Danielle Rossi, Global Director – Mission Critical Cooling, Trane
Sean Farney, VP of Data Center Strategy for the Americas, JLL
Harry Handlin, U.S. Data Center Segment Leader, ABB 
Josh Claman, CEO, Accelsius

Let's now look into the second question of the series for our Executive Roundtable for the Third Quarter of 2024.

Data Center Frontier:  How do you see service level agreements (SLAs) evolving for data center equipment and expansion projects in the age of rapidly escalating AI, HPC and cloud computing demand?

 

Danielle Rossi, Trane:  With the increase of AI, we are seeing drastic rises in density. 

Supporting high densities during outages and maintenance requires extra redundancy and planning. 

Going forward, we will see more stringent plans for servicing, including connected and virtual services, as well as long-term vendor-provided scheduled maintenance. 

Customers have already begun specifying longer-range service plans and more detailed spare parts kits. 

Along with these requirements, requests for vendor service capabilities are increasing. 

Global technician coverage and area-specific availability have always been a consideration but are increasing in priority. 

 

Sean Farney, JLL:  I've managed to SLAs across all levels of infrastructure for products ranging from low-latency trading to natural gas to Happy Meal toys (seriously!), and it's quite operationally complex.  
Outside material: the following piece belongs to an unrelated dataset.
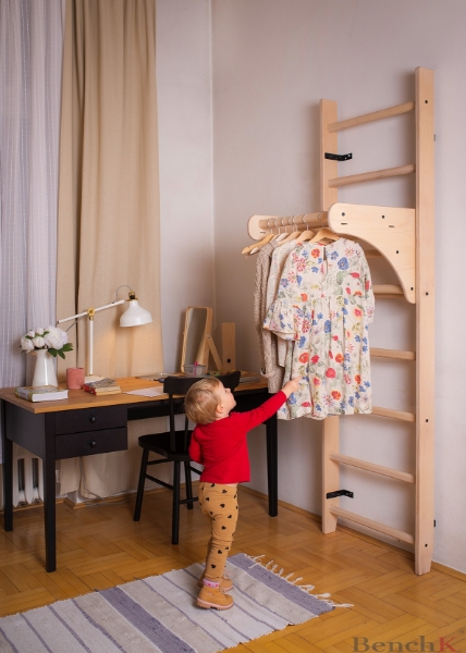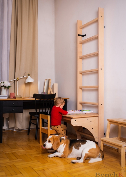 Spalier BenchK 112, din lemn masiv de fag cu bara de tractiuni si masa birou,ideal pentru antrenamentul abdomenului, spatelui si bratelor. Spalierelede perete multifuncționale BenchK se potrivesc perfect într-o casă modernă, birou, sală de sport, studio de fitness sau yoga, centru de reabilitare, cameră de hotel sau orice altă zonă publică.Barele de perete BenchK se îmbină perfect cu aspectul oricărei încăperi datorită designului său elegant și minimalist, acordând prioritate formelor simple, culorilor și texturilor naturale.Acest instrument de exercițiu versatil oferă o oportunitate de antrenament complet pentru greutatea corporală, cu o gamă largă de opțiuni de exerciții - flexia și extensia coloanei vertebrale, mobilitatea articulațiilor, antrenamentul de forță, condiționarea de bază, întindere, picioare, cardio, antrenament TRX și multe altele.Uneori o schimbare de muncă este cea mai bună odihnă. Scara de gimnastică BenchK se poate transforma cu ușurință de la echipament de antrenament sau de joacă la un birou de lucru în câteva secunde. Cine a spus că nu poți avea totul? Accesorii:Bară de tractiunidin lemn reglabilă, blat.Datorită construcției detașabile a barei de tragere, aceasta poate fi poziționată pe diferite trepte și ajustată la înălțimea utilizatorului.Cu bara de tragere puteți efectua o gamă largă de exerciții de condiționare a nucleului, spatelui și umerilor.Biroul BenchK este realizat din lemn de fag. Blatul de banc este plasat pe bara de tragere și împreună creează un birou elegant și funcțional pentru un copil sau un adult. Biroul este ideal pentru iubitorii de minimalism, deoarece permite economisirea multor spațiu prin combinarea antrenamentului cu zona de lucru.Înălțimea biroului poate fi reglată în funcție de înălțimea utilizatorului.

On top of the complexity, appetite for technical downtime is plunging as connectedness becomes more pervasive and we trust digital infrastructure to deliver more mission-critical services related to health, safety, security, finance, autonomous vehicles and more.  

I think service level expectations and requirements will continue to creep upward. 

To satisfy this need and reduce the brand risk and costs of violation, I see a surge in reliability engineering. 

This means taking a systemic approach to designing, building and operating technical infrastructure to higher uptime levels instead of cobbling together services for individual mechanical, electrical and plumbing (MEP) and information technology (IT) components. 

JLL's Reliability Engineering practice is inundated with requests to solve these big, impactful problems.  

The long-term, holistic approach leads to better performance, lower cost and smoother operations.  

 

Harry Handlin, ABB:  Innovation will be the key driver in the evolution of service level agreements for infrastructure equipment.  

AI presents many challenges for service organizations.  

First, the rapid growth of the AI market coupled with the increased scale of data centers has created a shortage of qualified service engineers and technicians.  

In addition, AI data center locations are not constrained by latency requirements. This has results in many data centers being in built in areas that are unlikely to be supported by a four-hour response time.  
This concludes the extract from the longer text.